Лучшую дыню съедает шакал

Чтобы обмануть возможную погоню, похитители свернули с большака и гнали по бездорожью до тех пор, пока взмыленные кони начали спотыкаться. Тогда они поехали шагом.

Косясь на безжизненное тело девушки, Ковус спросил:

— Куда поедем, Аманмурад?

Косоглазый брат Бекмурад-бая понял вопрос, но счёл нужным притвориться непонимающим.

— Как это — куда? Разве мы заблудились?

Он потрогал опухшее, в кровавых подтёках лицо, хищно оскалил зубы и тоже взглянул на неподвижную Узук, перекинутую через шею коня, словно длинный чувал с пшеницей. Ковус перехватил его взгляд, посмотрел на свою руку, где чернел след от ножа Огульнияз-эдже, выругался, пощупал шишку на голове — от чьей-то палки — и повторил:

— Я спрашиваю: к кому мы «её» повезём!

— Прямо к себе домой, — продолжал притворяться Аманмурад. — Если такое сокровище нашёл, можно никого не стесняться… А куда нам ещё ехать? Может, ты, Сапар, знаешь?

Третий всадник, тот, что подхватил Узук с земли, подъехал ближе.

— О чём вы спорите?

— Да вот Ковус сомневается, куда нам везти девушку, Я говорю, прямо домой надо ехать. А ты как думаешь?

Дуя на посиневшую от удара шеста кисть руки, Сапар пожал плечами и посмотрел на Ковуса,

— Смотрите сами. Я бы на твоём месте поостерёгся домой ехать. Сам знаешь, какой шум женщины поднимут…

— Вот и я об этом говорю, — поддержал Ковус. — А нам лишний шум ни к чему. Того, что мы наделали, вполне хватит.

Аманмурад дёрнул усом в кривой усмешке.

— Никакого шума не будет! Любой бабе шею сверну, если задумает скандалить… Со мной шутки плохи.

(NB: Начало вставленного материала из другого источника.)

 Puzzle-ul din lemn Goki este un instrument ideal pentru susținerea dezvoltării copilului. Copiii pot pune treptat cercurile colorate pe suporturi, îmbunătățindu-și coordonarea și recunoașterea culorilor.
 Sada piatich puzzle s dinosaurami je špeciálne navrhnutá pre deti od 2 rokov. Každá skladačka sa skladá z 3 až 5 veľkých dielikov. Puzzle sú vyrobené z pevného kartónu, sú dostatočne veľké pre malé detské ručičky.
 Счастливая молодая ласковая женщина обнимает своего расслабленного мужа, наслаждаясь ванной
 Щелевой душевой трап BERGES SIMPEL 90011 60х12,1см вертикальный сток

— Что верно, то верно, — неожиданно весело согласился Ковус. — Коль сел на верблюда, за седло не спрячешься… Можно и домой. В случае чего Аманмурад всегда добрую палку сыщет и сумеет скандалистку хлопнуть промеж лопаток, чтобы она задрыгала ногами, как мать нашей невесты… ха-ха-ха-ха…

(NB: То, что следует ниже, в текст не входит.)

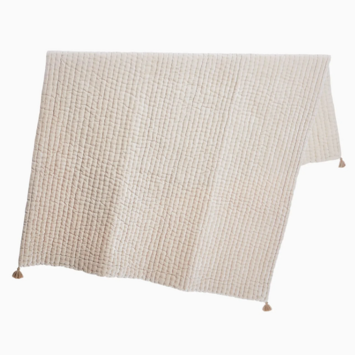 Douillet, confortable et élégant, ce Plaid velours est une pièce de choix qui allie confort et savoir-faire artisanal. Le motif matelassé à la main et les pompons délicats rehaussent son charme et en font une belle addition à toute maison.
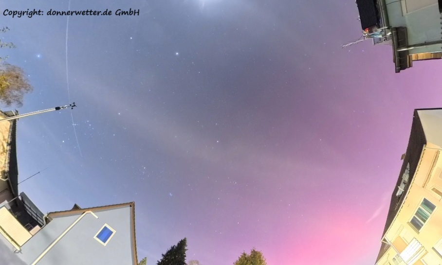 Auch über unseren Wetterbüros in Bonn zeigten sich zarte rötlich-violette Schleier am Himmel – ein außergewöhnliches Naturschauspiel, das sonst meist nur im hohen Norden zu sehen ist!
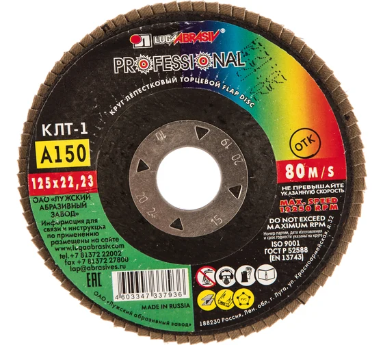 Круг лепестковый торцевой плоский КЛТ1 Луга D91012522140100 предназначен для ручных шлифовальных машин. Применяется для плоского шлифования, обработки кромок и сварных швов деталей и конструкций из различных марок сталей, цветных металлов и древесины. Круг работает тихо, устойчиво, без прижогов, оставляя холодными обработанные поверхности, обеспечивает максимальный съем материала.

Откинувшись на торока, Ковус захохотал. Сапар тоже засмеялся.

— Согласен, — сказал он сквозь смех, — до села Амандурды-бая от нашего — рукой подать. У нас крикнешь — у них отзывается. Разве тётушка, скандала которой мы опасаемся, не прибежит туда? Прибежит — коней расседлать не успеем! Она и так уже три дня на нас подозрительно посматривала… Словом, Аманмурад-джан, как ни вертись, а придётся тебе перед тётушкой Тачсолтан ответ держать. Никудз мы от неё не спрячемся, она, как добрая тазы[20], всё вынюхает… хе-хе-хе…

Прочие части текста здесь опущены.